##### AVAILABLE DATA #####

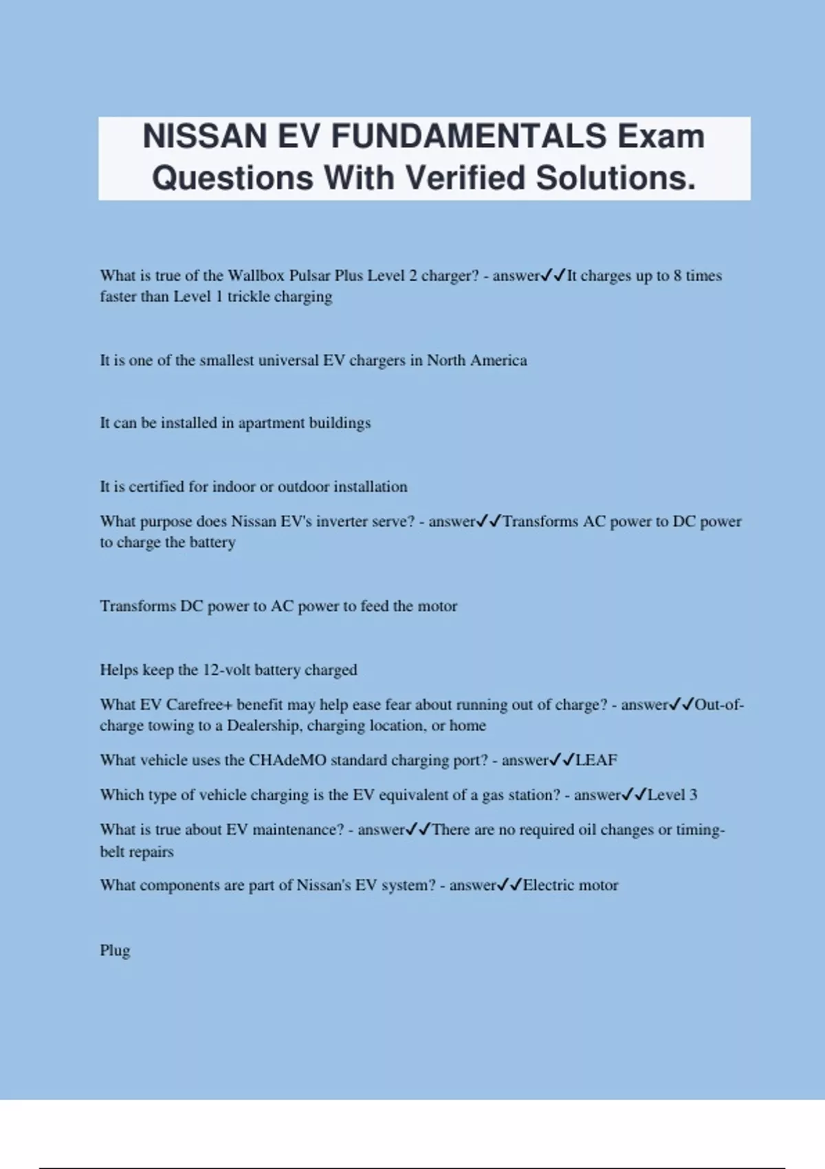 NISSAN EV FUNDAMENTALS Exam Questions With Verified Solutions. What is true of the Wallbox Pulsar Plus Level 2 charger? - answerIt charges up to 8 times faster than Level 1 trickle charging It is one of the smallest universal EV chargers in North America It can be installed in apartment buildings It is certified for indoor or outdoor installation What purpose does Nissan EV's inverter serve? - answerTransforms AC power to DC power to charge the battery Transforms DC power to AC power to feed the motor Helps keep the 12-volt battery charged What EV Carefree+ benefit may help ease fear about running out of charge? - answerOut-of- charge towing to a Dealership, charging location, or home What vehicle uses the CHAdeMO standard charging port? - answerLEAF Which type of vehicle charging is the EV equivalent of a gas station? - answerLevel 3 What is true about EV maintenance? - answerThere are no required oil changes or timing- belt repairs What components are part of Nissan's EV sys
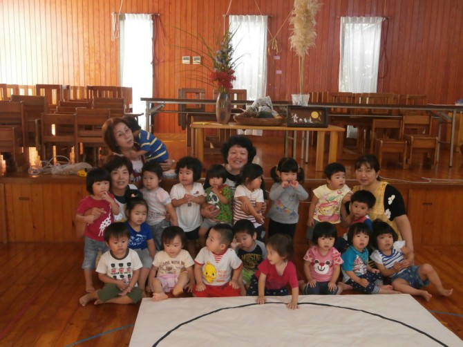 お話を聞いたり歌をうたったり、お相撲を取りました。
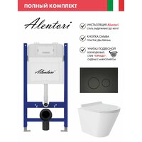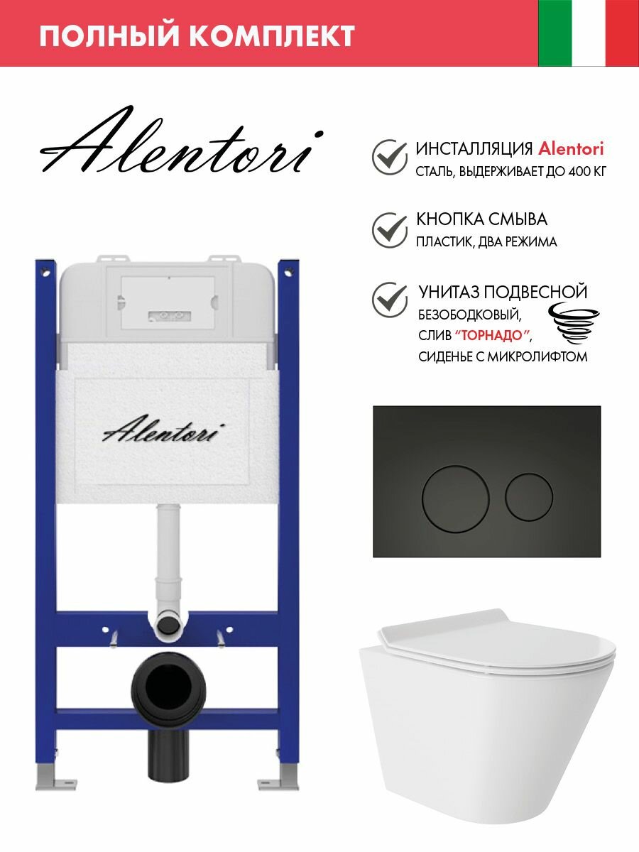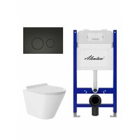 Купить Комплект Инсталляция для унитаза Alentori SISTEMA 50 AL. SIS33T с клавишей смыва Alentori CHIAVE L, черный матовый AL. CHI103BM + Унитаз 480*360 безободковый, Vortex, Soft-Close, белый глянцевый, конус с доставкой по всей России.
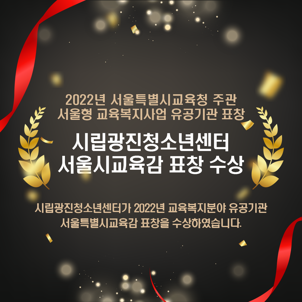 | ±¤ÁøÃ»¼Ò³â¼¾ÅÍ 2022³â ¼¿ïƯº°½Ã±³À°Ã» ÁÖ°ü ¼¿ïÇü ±³À°º¹Áö»ç¾÷ À¯°ø±â°ü ¼¿ï½Ã±³À°°¨ ǥâ ¼ö»ó | ||
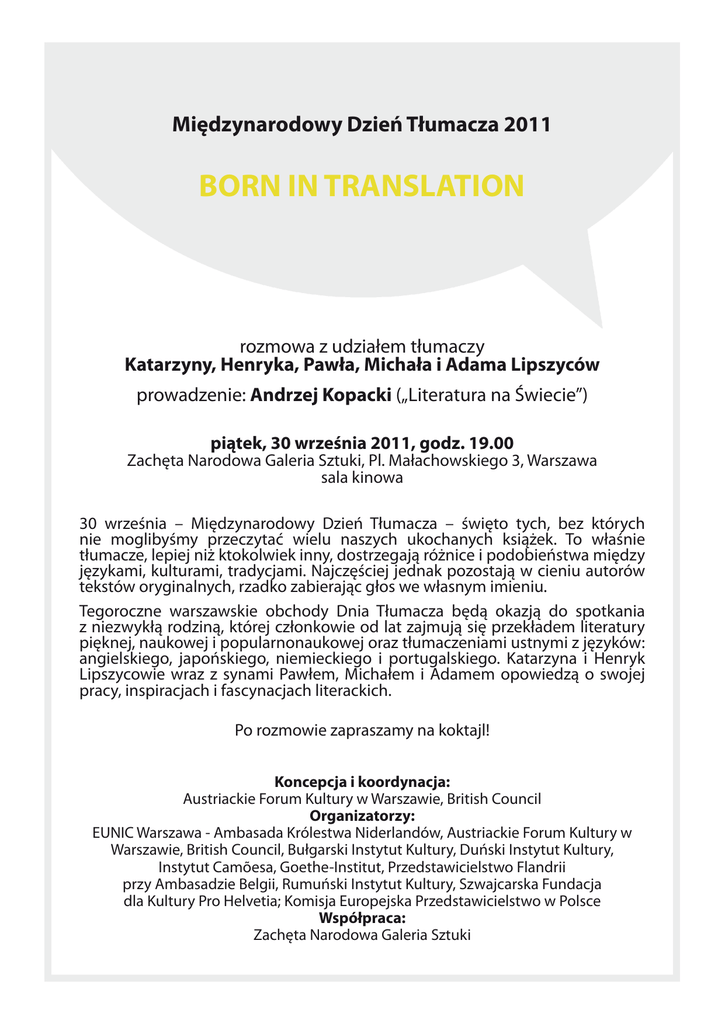 Międzynarodowy Dzień Tłumacza 2011 BORN IN TRANSLATION rozmowa z udziałem tłumaczy Katarzyny, Henryka, Pawła, Michała i Adama Lipszyców prowadzenie: Andrzej Kopacki („Literatura na Świecie”) piątek, 30 września 2011, godz. 19.00 Zachęta Narodowa Galeria Sztuki, Pl. Małachowskiego 3, Warszawa sala kinowa 30 września – Międzynarodowy Dzień Tłumacza – święto tych, bez których nie moglibyśmy przeczytać wielu naszych ukochanych książek. To właśnie tłumacze, lepiej niż ktokolwiek inny, dostrzegają różnice i podobieństwa między językami, kulturami, tradycjami. Najczęściej jednak pozostają w cieniu autorów tekstów oryginalnych, rzadko zabierając głos we własnym imieniu. Tegoroczne warszawskie obchody Dnia Tłumacza będą okazją do spotkania z niezwykłą rodziną, której członkowie od lat zajmują się przekładem literatury pięknej, naukowej i popularnonaukowej oraz tłumaczeniami ustnymi z języków: angielskiego, japońskiego, niemieckiego i portugalskiego. Katarzyna i Henryk Lipszycowie wraz z synami Pawłem, Michałem i Adamem opowiedzą o swojej pracy, inspiracjach i fascynacjach literackich. Po rozmowie zapraszamy na koktajl! Koncepcja i koordynacja: Austriackie Forum Kultury w Warszawie, British Council Organizatorzy: EUNIC Warszawa - Ambasada Królestwa Niderlandów, Austriackie Forum Kultury w Warszawie, British Council, Bułgarski Instytut Kultury, Duński Instytut Kultury, Instytut Camõesa, Goethe-Institut, Przedstawicielstwo Flandrii przy Ambasadzie Belgii, Rumuński Instytut Kultury, Szwajcarska Fundacja dla Kultury Pro Helvetia; Komisja Europejska Przedstawicielstwo w Polsce Współpraca: Zachęta Narodowa Galeria Sztuki
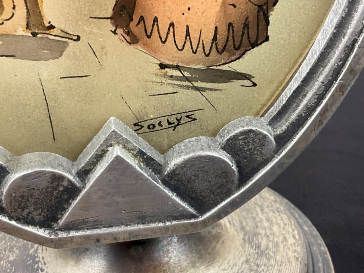 Ancienne Lampe veilleuse ART DECO verre peint et signé
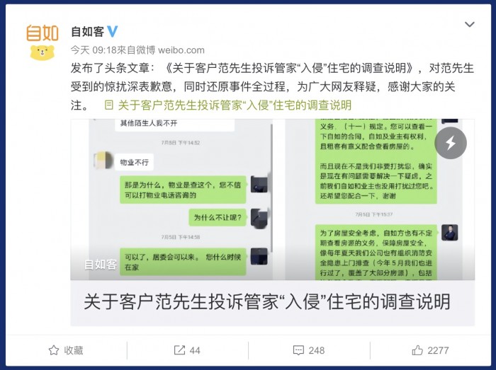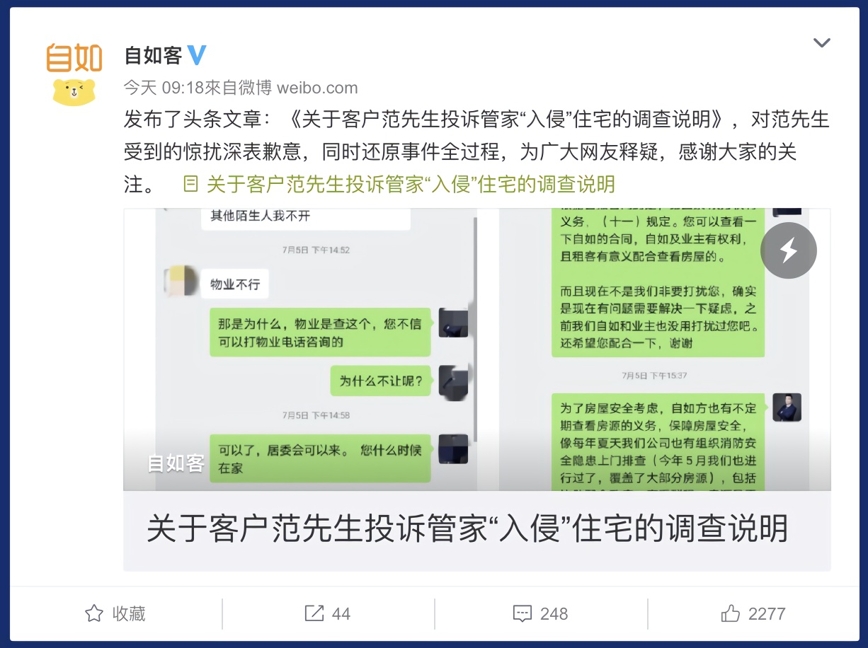 自如表示,“整个沟通过程中,业务经理和管家两人只通过半开的房门与范先生进行了简短的沟通,全程未进入范先生卧室……全程共计六次敲门并表明来意,但因为范先生处于熟睡状态,以及前面两道门离卧室距离较远,可能未能有效传递信息。”对于给范先生造成的惊吓和困扰,自如在调查说明中表达了歉意。
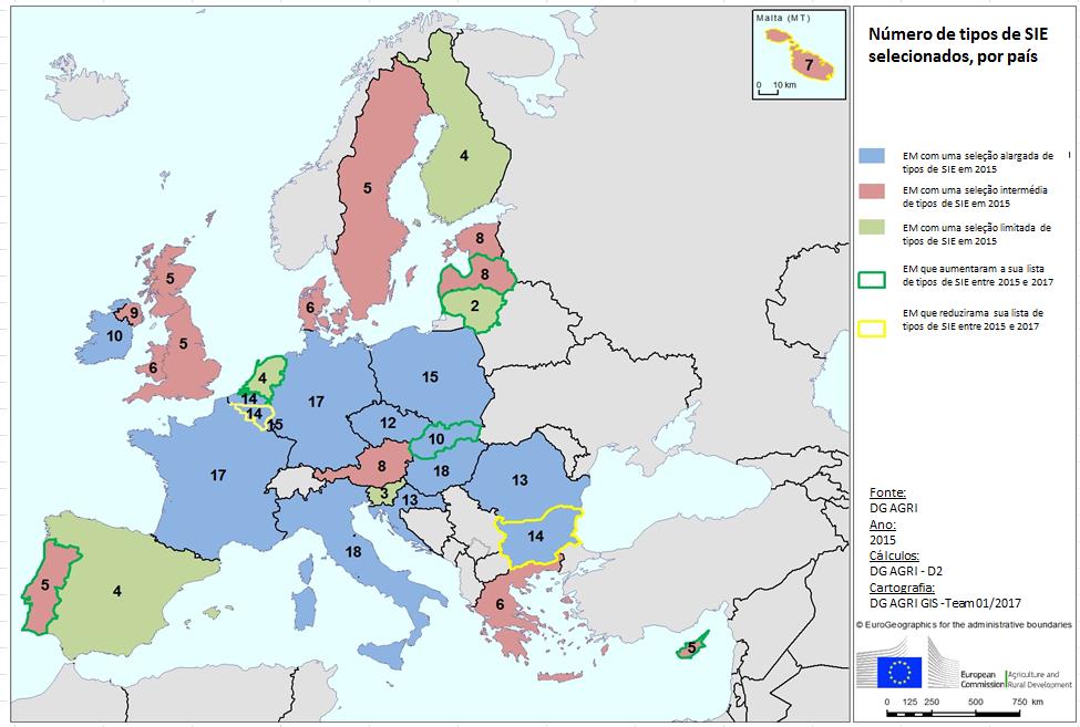 A partir de 2015, nove EstadosMembros alteraram as suas decisões, principalmente quanto à seleção de tipos de SIE (figura 1). Entre estes, seis alargaram as escolhas dos respetivos agricultores a outros tipos de SIE, aparentemente, após o estabelecimento do sistema administrativo necessário para controlar a sua aplicação. Os três restantes EstadosMembros retiraram alguns tipos de SIE, devido a um grau de implantação muito baixo por parte dos agricultores.
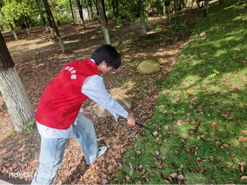 活动筹备阶段,院团委青年志愿者工作部提前规划清洁区域、明确分工安排。随后,志愿者们有序集合,领取垃圾袋、手套、火钳等工具,迅速投入校园清洁工作中。活动期间,志愿者们重点清理校园主干道、教学楼周边绿化带及公共区域角落,俯身深入草丛,细致捡拾隐藏其中的烟头、塑料瓶、纸屑等杂物,同时对路面散落垃圾、公共设施周边污渍进行全面清理。经过数小时的集中清洁,校园环境焕然一新:主干道路面干净平整,绿化带恢复清爽整洁,公共区域秩序井然,校园整体面貌得到显著提升。
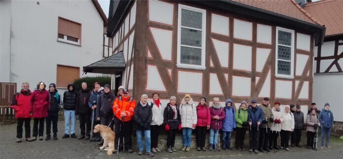Gemeinsam mir Pfarrer Norbert Heide trafen sich 26 Interessierte, erstmals auch Mitglieder vom VHC Grünberg mit dem 1. Vorsitzenden Ernst Pfeffer und zwei Konfirmanden, um den Kirchenstumpf Roßberg und die Höfe bei Dreihausen zu erkunden.
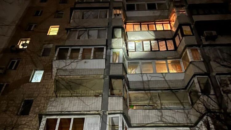 У Дніпровському районі постраждав фасад 9-поверхового житлового будинку та припарковані автомобілі.
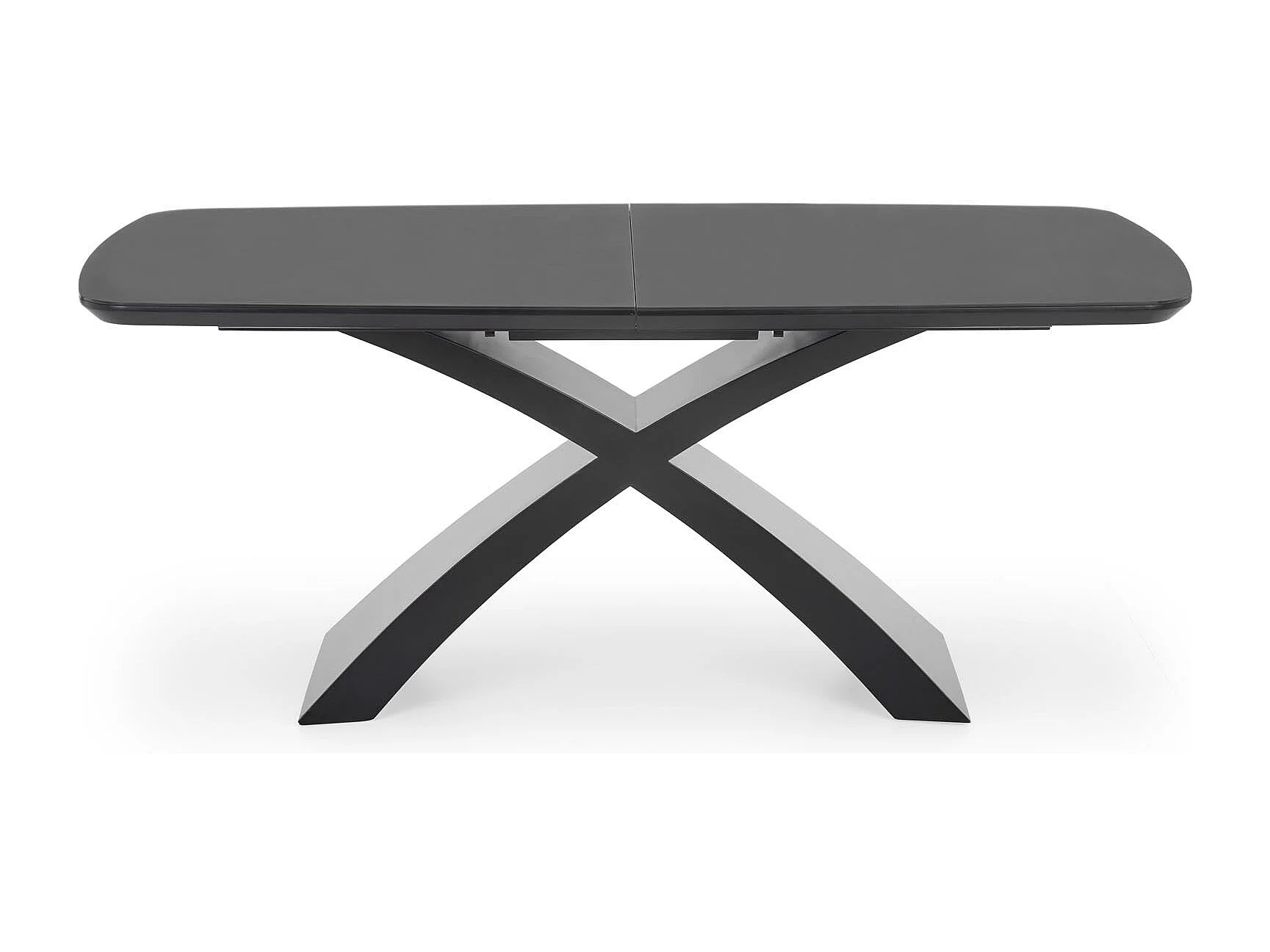 Table extensible en verre grisavec pieds en acier noir 180/220 x 89 cm

#####

## [TASK TO COMPLETE]
Before copying the data, remove the pictures. Then repeat the rest exactly.

## [COMPLETED EXERCISE]
 NISSAN EV FUNDAMENTALS Exam Questions With Verified Solutions. What is true of the Wallbox Pulsar Plus Level 2 charger? - answerIt charges up to 8 times faster than Level 1 trickle charging It is one of the smallest universal EV chargers in North America It can be installed in apartment buildings It is certified for indoor or outdoor installation What purpose does Nissan EV's inverter serve? - answerTransforms AC power to DC power to charge the battery Transforms DC power to AC power to feed the motor Helps keep the 12-volt battery charged What EV Carefree+ benefit may help ease fear about running out of charge? - answerOut-of- charge towing to a Dealership, charging location, or home What vehicle uses the CHAdeMO standard charging port? - answerLEAF Which type of vehicle charging is the EV equivalent of a gas station? - answerLevel 3 What is true about EV maintenance? - answerThere are no required oil changes or timing- belt repairs What components are part of Nissan's EV sys
 お話を聞いたり歌をうたったり、お相撲を取りました。
 Купить Комплект Инсталляция для унитаза Alentori SISTEMA 50 AL. SIS33T с клавишей смыва Alentori CHIAVE L, черный матовый AL. CHI103BM + Унитаз 480*360 безободковый, Vortex, Soft-Close, белый глянцевый, конус с доставкой по всей России.
 | ±¤ÁøÃ»¼Ò³â¼¾ÅÍ 2022³â ¼¿ïƯº°½Ã±³À°Ã» ÁÖ°ü ¼¿ïÇü ±³À°º¹Áö»ç¾÷ À¯°ø±â°ü ¼¿ï½Ã±³À°°¨ ǥâ ¼ö»ó | ||
 Międzynarodowy Dzień Tłumacza 2011 BORN IN TRANSLATION rozmowa z udziałem tłumaczy Katarzyny, Henryka, Pawła, Michała i Adama Lipszyców prowadzenie: Andrzej Kopacki („Literatura na Świecie”) piątek, 30 września 2011, godz. 19.00 Zachęta Narodowa Galeria Sztuki, Pl. Małachowskiego 3, Warszawa sala kinowa 30 września – Międzynarodowy Dzień Tłumacza – święto tych, bez których nie moglibyśmy przeczytać wielu naszych ukochanych książek. To właśnie tłumacze, lepiej niż ktokolwiek inny, dostrzegają różnice i podobieństwa między językami, kulturami, tradycjami. Najczęściej jednak pozostają w cieniu autorów tekstów oryginalnych, rzadko zabierając głos we własnym imieniu. Tegoroczne warszawskie obchody Dnia Tłumacza będą okazją do spotkania z niezwykłą rodziną, której członkowie od lat zajmują się przekładem literatury pięknej, naukowej i popularnonaukowej oraz tłumaczeniami ustnymi z języków: angielskiego, japońskiego, niemieckiego i portugalskiego. Katarzyna i Henryk Lipszycowie wraz z synami Pawłem, Michałem i Adamem opowiedzą o swojej pracy, inspiracjach i fascynacjach literackich. Po rozmowie zapraszamy na koktajl! Koncepcja i koordynacja: Austriackie Forum Kultury w Warszawie, British Council Organizatorzy: EUNIC Warszawa - Ambasada Królestwa Niderlandów, Austriackie Forum Kultury w Warszawie, British Council, Bułgarski Instytut Kultury, Duński Instytut Kultury, Instytut Camõesa, Goethe-Institut, Przedstawicielstwo Flandrii przy Ambasadzie Belgii, Rumuński Instytut Kultury, Szwajcarska Fundacja dla Kultury Pro Helvetia; Komisja Europejska Przedstawicielstwo w Polsce Współpraca: Zachęta Narodowa Galeria Sztuki
 Ancienne Lampe veilleuse ART DECO verre peint et signé
 自如表示,“整个沟通过程中,业务经理和管家两人只通过半开的房门与范先生进行了简短的沟通,全程未进入范先生卧室……全程共计六次敲门并表明来意,但因为范先生处于熟睡状态,以及前面两道门离卧室距离较远,可能未能有效传递信息。”对于给范先生造成的惊吓和困扰,自如在调查说明中表达了歉意。
 A partir de 2015, nove EstadosMembros alteraram as suas decisões, principalmente quanto à seleção de tipos de SIE (figura 1). Entre estes, seis alargaram as escolhas dos respetivos agricultores a outros tipos de SIE, aparentemente, após o estabelecimento do sistema administrativo necessário para controlar a sua aplicação. Os três restantes EstadosMembros retiraram alguns tipos de SIE, devido a um grau de implantação muito baixo por parte dos agricultores.
 活动筹备阶段,院团委青年志愿者工作部提前规划清洁区域、明确分工安排。随后,志愿者们有序集合,领取垃圾袋、手套、火钳等工具,迅速投入校园清洁工作中。活动期间,志愿者们重点清理校园主干道、教学楼周边绿化带及公共区域角落,俯身深入草丛,细致捡拾隐藏其中的烟头、塑料瓶、纸屑等杂物,同时对路面散落垃圾、公共设施周边污渍进行全面清理。经过数小时的集中清洁,校园环境焕然一新:主干道路面干净平整,绿化带恢复清爽整洁,公共区域秩序井然,校园整体面貌得到显著提升。
Gemeinsam mir Pfarrer Norbert Heide trafen sich 26 Interessierte, erstmals auch Mitglieder vom VHC Grünberg mit dem 1. Vorsitzenden Ernst Pfeffer und zwei Konfirmanden, um den Kirchenstumpf Roßberg und die Höfe bei Dreihausen zu erkunden.
 У Дніпровському районі постраждав фасад 9-поверхового житлового будинку та припарковані автомобілі.
 Table extensible en verre grisavec pieds en acier noir 180/220 x 89 cm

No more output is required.